No Monetary Penalties: Currently, there are no monetary penalties involved in violating federal MHPAEA, at least in the regulatory sphere (litigation may be another matter). The current rules support requiring health plans to cease discriminatory practices. While we appreciate that the Departments are prioritizing mental health parity, we encourage them to revisit this if they have difficulty securing plan compliance. Sometimes stiff monetary penalties are what health plans need to take the process seriously and comply with the law.

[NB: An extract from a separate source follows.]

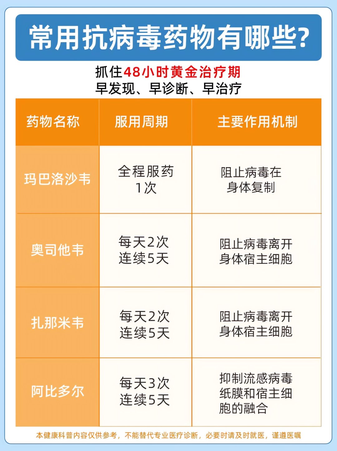 如果不幸感染流感,及时规范治疗能有效缓解症状、缩短病程,甚至降低并发症风险。其中,发病48小时内是抗病毒治疗的黄金期,抓住这个时机用药,效果会更明显。
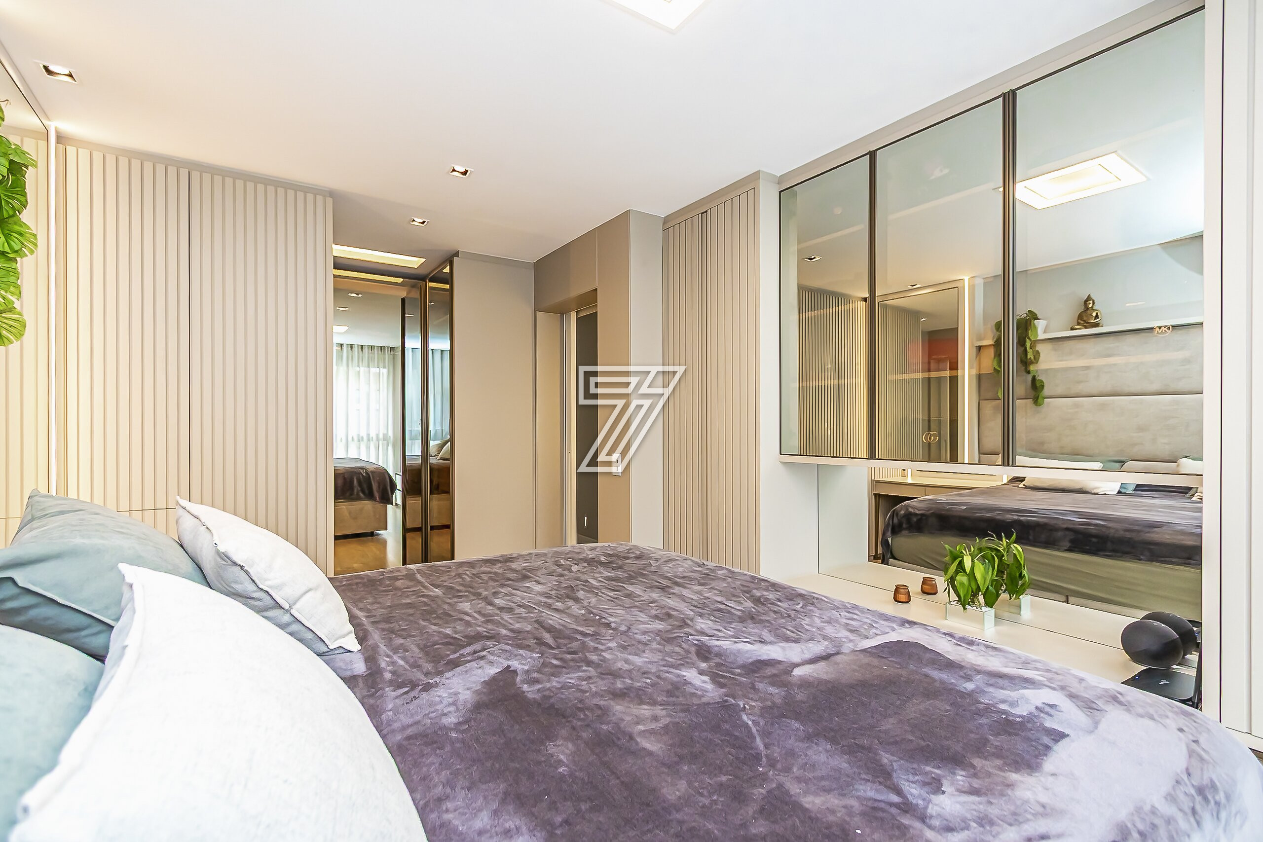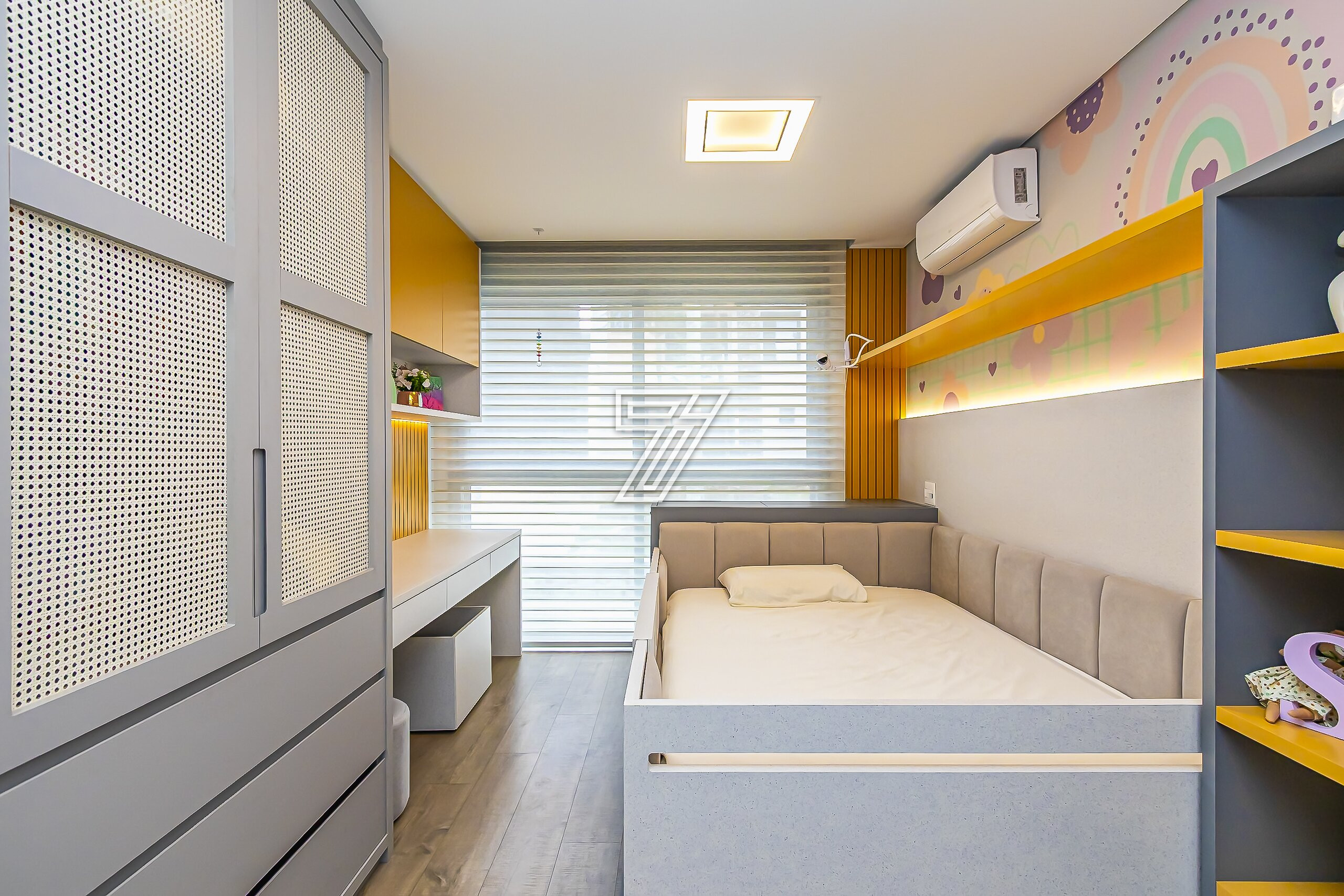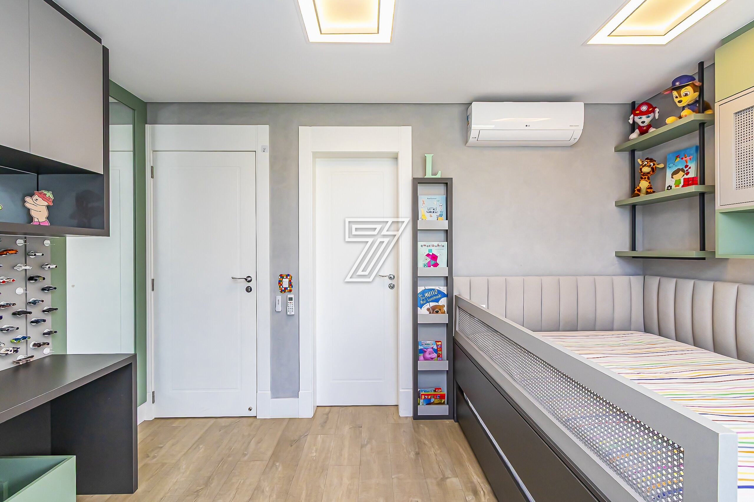 No piso superior, são três suítes com móveis planejados e ar-condicionado e um espaço super planejado para home office. A suíte master possui closet e banheiro com cuba e chuveiros duplos.

Overall, The Rules provide sufficient information to assist health plans in complying with Federal MHPAEA. They also offer guidance to state regulators and provide several examples of non-compliance which may be useful to advocates in highlighting potential parity violations. There is an emphasis on the importance of access to MH/SA treatment, which reflects a deep understanding of one of the major problems that so many families encounter in their quest for treatment today: lack of in-network providers. The Biden-Harris administration issued a strongly supportive statement. We hope that there will be future opportunities to inform the Department, and that they will continue to offer clarification to all parties as needed. MHPAEA continues to be a work in progress.